---------- Data for analysis
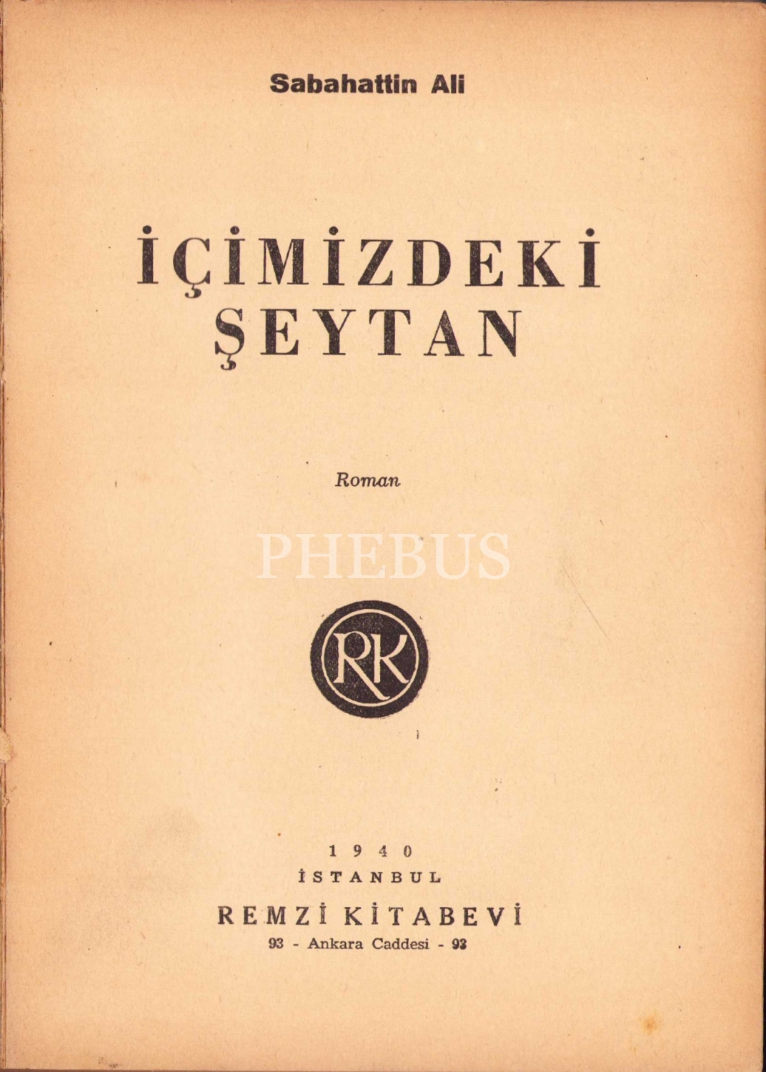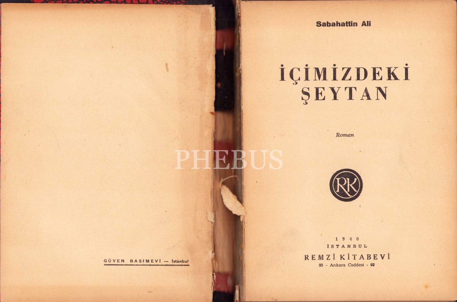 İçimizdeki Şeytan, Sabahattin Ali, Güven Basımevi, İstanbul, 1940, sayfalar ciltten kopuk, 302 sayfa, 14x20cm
--------------------
---------- Data for analysis
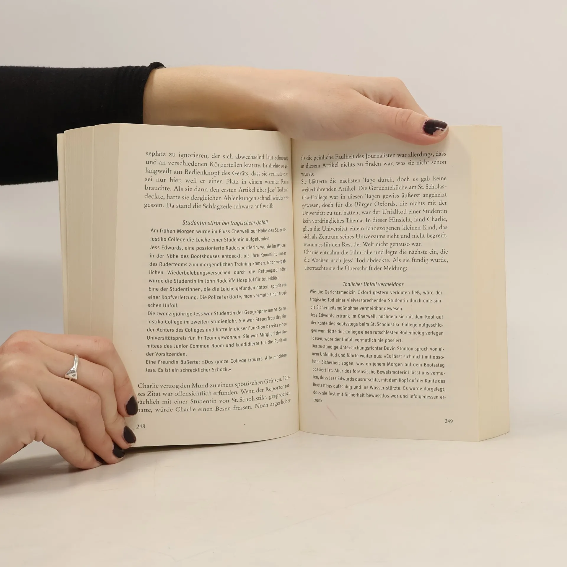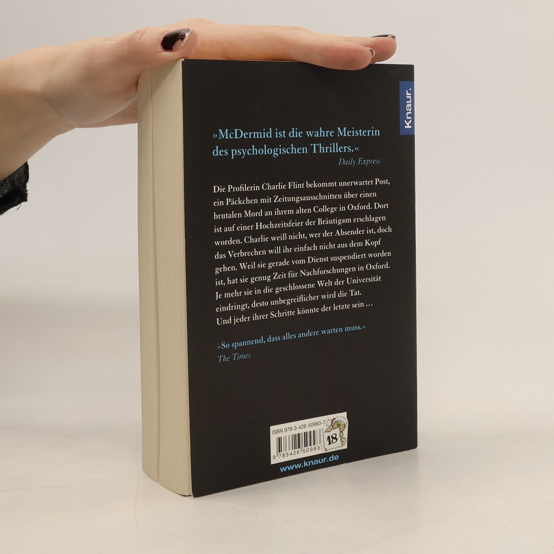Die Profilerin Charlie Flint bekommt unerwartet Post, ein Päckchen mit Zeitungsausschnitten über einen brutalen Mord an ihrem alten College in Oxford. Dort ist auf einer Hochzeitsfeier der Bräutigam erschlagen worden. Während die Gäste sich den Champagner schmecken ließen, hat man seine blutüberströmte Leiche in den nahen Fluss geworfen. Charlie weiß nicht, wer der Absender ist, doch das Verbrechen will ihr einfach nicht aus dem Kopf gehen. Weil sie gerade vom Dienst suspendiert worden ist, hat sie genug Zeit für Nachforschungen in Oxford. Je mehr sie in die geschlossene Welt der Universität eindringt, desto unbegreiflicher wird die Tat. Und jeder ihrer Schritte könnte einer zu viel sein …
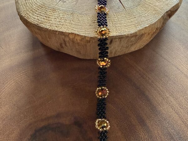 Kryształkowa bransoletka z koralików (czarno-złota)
--------------------
---------- Data for analysis
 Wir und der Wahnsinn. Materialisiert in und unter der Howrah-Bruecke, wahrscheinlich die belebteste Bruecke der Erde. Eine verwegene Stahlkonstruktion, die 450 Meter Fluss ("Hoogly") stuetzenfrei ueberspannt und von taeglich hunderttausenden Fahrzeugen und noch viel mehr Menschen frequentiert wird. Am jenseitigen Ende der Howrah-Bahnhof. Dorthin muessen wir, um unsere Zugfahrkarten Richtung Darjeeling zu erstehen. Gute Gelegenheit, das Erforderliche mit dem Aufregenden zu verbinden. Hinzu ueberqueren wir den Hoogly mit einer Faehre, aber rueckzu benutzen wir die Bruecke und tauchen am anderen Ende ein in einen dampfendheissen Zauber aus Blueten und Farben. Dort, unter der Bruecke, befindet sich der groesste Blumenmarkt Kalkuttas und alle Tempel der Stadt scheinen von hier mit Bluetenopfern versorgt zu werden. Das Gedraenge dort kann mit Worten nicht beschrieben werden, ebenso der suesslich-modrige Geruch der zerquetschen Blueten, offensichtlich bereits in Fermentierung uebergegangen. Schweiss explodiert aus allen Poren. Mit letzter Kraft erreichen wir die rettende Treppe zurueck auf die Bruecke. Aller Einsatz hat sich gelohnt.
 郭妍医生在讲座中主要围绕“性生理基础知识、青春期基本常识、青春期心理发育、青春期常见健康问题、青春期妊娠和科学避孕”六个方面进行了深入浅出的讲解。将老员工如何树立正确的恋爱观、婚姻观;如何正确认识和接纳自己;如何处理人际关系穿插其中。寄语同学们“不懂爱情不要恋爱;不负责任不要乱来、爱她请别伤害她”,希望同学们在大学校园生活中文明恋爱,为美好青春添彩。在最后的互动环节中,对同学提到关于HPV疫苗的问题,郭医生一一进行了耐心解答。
--------------------
(To do)
Look through the listing above for the line with "Die Profilerin Charlie" and the line with "Kryształkowa bransoletka z". Write out exactly those lines and everything between, leaving out pictures.

(Your response)
Die Profilerin Charlie Flint bekommt unerwartet Post, ein Päckchen mit Zeitungsausschnitten über einen brutalen Mord an ihrem alten College in Oxford. Dort ist auf einer Hochzeitsfeier der Bräutigam erschlagen worden. Während die Gäste sich den Champagner schmecken ließen, hat man seine blutüberströmte Leiche in den nahen Fluss geworfen. Charlie weiß nicht, wer der Absender ist, doch das Verbrechen will ihr einfach nicht aus dem Kopf gehen. Weil sie gerade vom Dienst suspendiert worden ist, hat sie genug Zeit für Nachforschungen in Oxford. Je mehr sie in die geschlossene Welt der Universität eindringt, desto unbegreiflicher wird die Tat. Und jeder ihrer Schritte könnte einer zu viel sein …
 Kryształkowa bransoletka z koralików (czarno-złota)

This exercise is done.